The blanket dispossession of Aboriginal people by European settlement is widely recognised as the fundamental factor in the suffering that has marked indigenous history since Captain James Cook set foot on Australian soil in 1770 and claimed it as British territory. On almost every measure of their wellbeing, Aboriginal Australians today live vastly inferior lives to other Australians.
To provide a constitutional basis for The Voice Australians will be asked in a referendum to support a new clause in the Constitution which recognises Aboriginal people as “the First people of Australia” and establishes a process by which they can make representations on issues affecting them.
Political debate about the proposed referendum has triggered an intense national debate about the impact of British colonialism and calls for an honest debate looking at the bad as well as the good. Supporters of the case for an historic righting of the wrongs of colonialism argue that Australia has long turned its face away from the bad – especially for First Nations people.
This has inevitably spilled into the debate about an Australian republic and the view that the time has long since passed when Australia should have cut its constitutional ties to the United Kingdom. A “yes” vote for The Voice is being seen as a perfect trigger for the move to change the constitution to establish an Australian republic.
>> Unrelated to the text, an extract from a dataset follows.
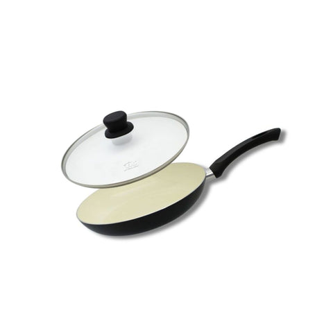 Ensemble poêle antiadhésive 24 cm et couvercle en verre, compatible tout feux y compris l'induction. Revêtement céramique sans PFAS pour une cuisson saine et facile. Le couvercle en verre améliore la cuisson, réduit les éclaboussures et permet un contrôle visuel de la cuisson.

But a “yes” to The Voice is anything but assured.
The proposal has become quite divisive.
The conservative Liberal-National Party coalition has declared it will lead the campaign against the referendum – just as it did against a Republic. It argues that the proposed change to the Constitution is, in effect, racist. It also argues that it will add another layer of bureaucracy which will worsen rather than improve the situation of the indigenous population.
It has recruited some prominent Aboriginal figures to the cause – seriously complicating the issue for Australian voters.
And the intensifying debate is bringing out some deeply nasty racial undercurrents in Australian society which have always played a role in the struggle to improve the plight of indigenous Australians.
Polls show that support for The Voice has been slowly eroding, even though it still has a narrow majority of support.
Republican campaigners fear defeat of the referendum for The Voice might discourage the Albanese government from pressing ahead with a second referendum on the republic.
The coronation of King Charles comes at a point in Australian history when a majority of its citizens believe this should be the last time a British man or woman becomes the head of state of Australia, a position no Australian citizen is eligible to fill.
Which gets us back to the coronation.
Albanese is under pressure to ensure that there is no backsliding on the republic and therefore to spell out clearly and strongly that, while Australians wish the new King well, their government is absolutely committed to taking the constitutional steps to ending its colonial ties with Britain and with the monarchy during King Charles III’s reign.
For this reason, Australians will be taking a special interest in the coronation which goes well beyond enjoying the spectacle of the pomp and ceremony confirming Charles as King of Australia.